Under the Sea in Eight Weeks

20 December 2017
How Young Artists Aged 7 to 11 Created an Entire Immersive Experience

An immersive ‘Under the Sea’ themed installation currently fills Belconnen Community Gallery – and it is truly impressive. It’s the work of seven young people, aged between seven and eleven years, who were participants of the Bungee Youth Resilience Expressive Art Program during term four, 2017. Under the tutelage of facilitators Su and Susan (affectionately known as collectively as “Sues”), the young artists worked hard to produce this considerable body of work in an incredible eight weeks.

Filled with sea creatures that are made of decorated clay, giant wall sized seascapes, and a gigantic squid covered with hand-drawn marks, the exhibition is testament to both the young people’s creativity and the artistic and collaborative skills that they have developed during the term.

Coming together for the first time, the young artists offered their own ideas in a brainstorming session.
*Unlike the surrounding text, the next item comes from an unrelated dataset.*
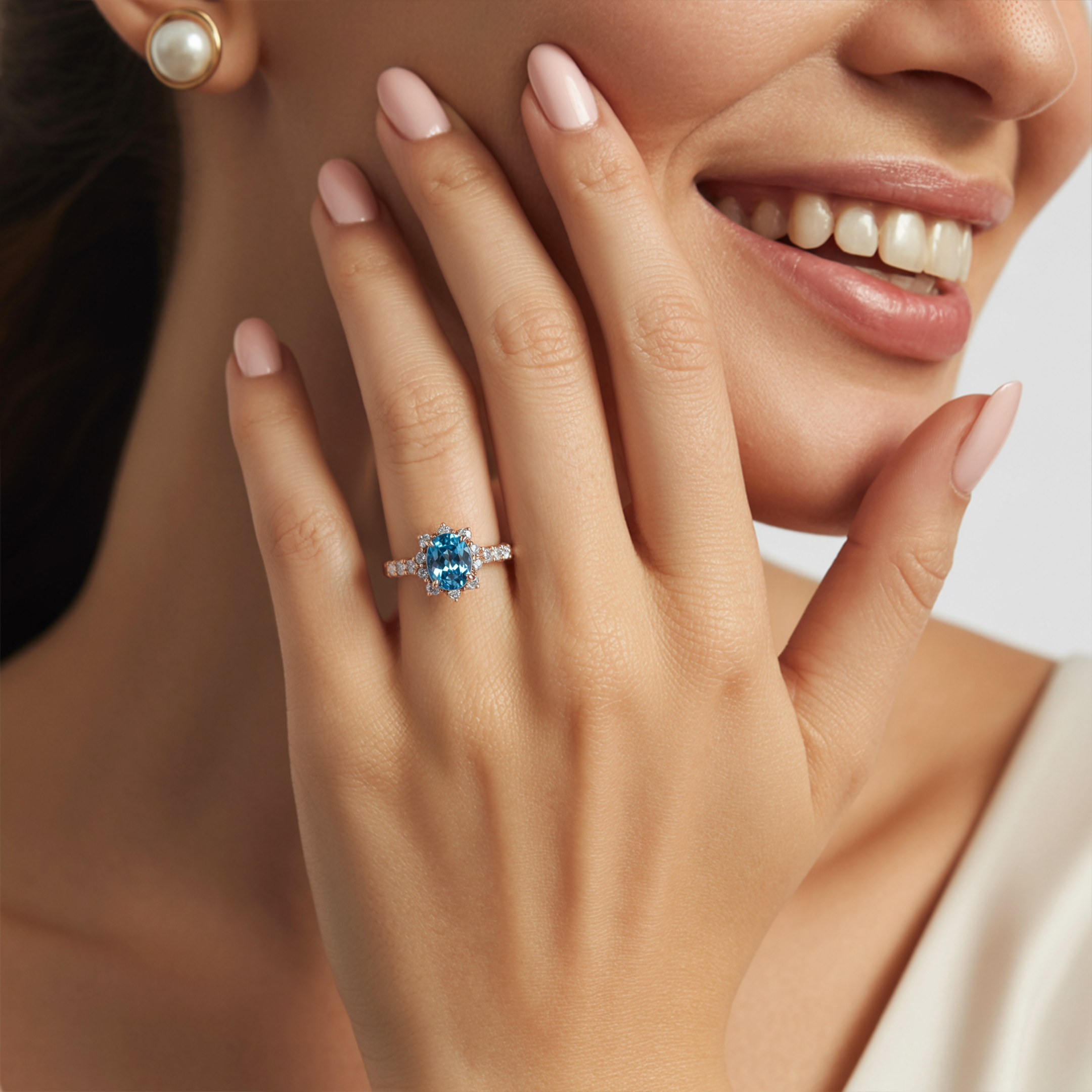 The Caterina 1CT Oval Cut Blue Moissanite Ring

The resulting critters then came into being in a variety of different mediums over the course of the program.  As a work experience student, I had the privilege of not only sitting in on one of the workshops, but also speaking to both Su and Susan about the ideas behind the process.

It is a sunny Tuesday afternoon and Su and Susan are carefully preparing their students’ artwork to be hung in the Belconnen Community Gallery. I listen in as they discuss the ironing of fish, debate who will stuff the giant squid, and consider whether or not they should hang the jellyfish on hoola hoops.
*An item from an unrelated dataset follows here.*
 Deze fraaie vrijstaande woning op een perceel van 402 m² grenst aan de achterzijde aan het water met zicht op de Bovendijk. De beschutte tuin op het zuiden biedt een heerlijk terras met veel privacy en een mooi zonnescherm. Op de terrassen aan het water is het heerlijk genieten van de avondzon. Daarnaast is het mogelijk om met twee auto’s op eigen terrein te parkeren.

Su explains that the idea of an ‘exhibition’ was a new concept to many of the young artists, and also that quite a few of them had forgotten what they had made in the first few weeks of the program. She hopes that when they see the exhibition they will be blown way with what they have achieved. “I am excited to see what they think – whether or not it meets their vision. It will be fantastic if we did.”

The work flows between Su and Susan effortlessly, a quality which seemed to permeate the workshop I attended two weeks earlier. Then, the room was a bustle with young artists, drawing bubbles in wax and creating ocean currents with sponges and washes, before studiously filling their own silhouettes traced on giant sheets of paper with strokes of black paint – moving from activity to activity with joy and ease.
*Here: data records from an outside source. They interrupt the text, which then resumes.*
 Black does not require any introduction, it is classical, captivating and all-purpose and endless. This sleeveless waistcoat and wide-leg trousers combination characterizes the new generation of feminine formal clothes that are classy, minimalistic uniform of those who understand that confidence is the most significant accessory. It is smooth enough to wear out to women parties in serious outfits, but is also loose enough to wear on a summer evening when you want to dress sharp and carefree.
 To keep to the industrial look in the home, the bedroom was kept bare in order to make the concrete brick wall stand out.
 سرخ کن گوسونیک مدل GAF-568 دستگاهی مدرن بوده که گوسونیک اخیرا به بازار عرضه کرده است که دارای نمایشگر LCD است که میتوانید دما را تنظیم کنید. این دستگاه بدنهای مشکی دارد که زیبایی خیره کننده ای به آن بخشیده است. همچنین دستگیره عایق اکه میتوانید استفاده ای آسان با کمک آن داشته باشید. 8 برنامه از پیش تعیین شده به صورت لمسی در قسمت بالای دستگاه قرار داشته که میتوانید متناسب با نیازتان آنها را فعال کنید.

When asked about this seemingly seamless workflow, Su chuckles “it is important to have a plan A, and then B… and probably a plan Z…”.

Susan adds that this is the first time the two facilitators have worked together. She muses that their two approaches – art teaching and art therapy – have been complimentary. Su agrees “I tend to create chaos, and Susan quietly gets them to create more order. It works really really well.”

It is apparent that chaos, albeit expertly framed and channeled, is fundamental to the therapeutic aims of the work. When I came to observe the class a fortnight ago, I observed how Su and Susan offered an artful balance of activities which provided a strong structure and flow to the session. The structure was discernible to even the most distracted in the room, but it was one that also enabled the young artists to find enormous freedom and pleasure in exploring new processes and materials. The Sues confirmed this observation as they spoke:

“Everyone has a memory of being told that their art wasn’t good enough in grade three, being criticised or dismissed… I explicitly reject the idea that there is a right way to do something.”

For Su and Susan creativity is risk taking. It’s experimentation and discovery. It’s also fundamental to young people’s development, a key way in which young people learn about themselves and the world.  The Sues articulate these concepts with passion, and in so doing embody the very things that the Bungee Youth Resilience Program seeks to foster.

Both facilitators actively affirm the qualities of creativity in the young artists as they explore their own ways of making. “Children have their own truths, which are just as valuable as those of adults. We are not the experts in the room, telling them what they see. They are the experts… and we are there to encourage their voice – an artistic voice. During the brainstorm we asked, ‘what do you want in there?’ They said ‘we want a shark! A giant squid! Spongebob Squarepants!’ As best as we could, we’ve made those things.”

The Under the Sea exhibition is showing at Belconnen Community Gallery from the 18th of December 2017 until the 12th of January 2018.

Text by Melissa Gryglewski. 

Photographs: Banner / Feature Image – the Expressive Art Class at work. Left -hand column: Photo 1 – clickable link to the 360 degree image of the exhibition on the BCS facebook page; Photo 2 –  young artist crafting a sea critter from pipe cleaners; Photo 3 – a completed starfish made of clay and colourful beads; Photo 4 – wall sized mural containing bubbles and seaweed; Photo 5 – young artists paint silhouettes of themselves with black paint, photo 5 clickable link to the 360 degree image of the exhibition on the BCS facebook page. 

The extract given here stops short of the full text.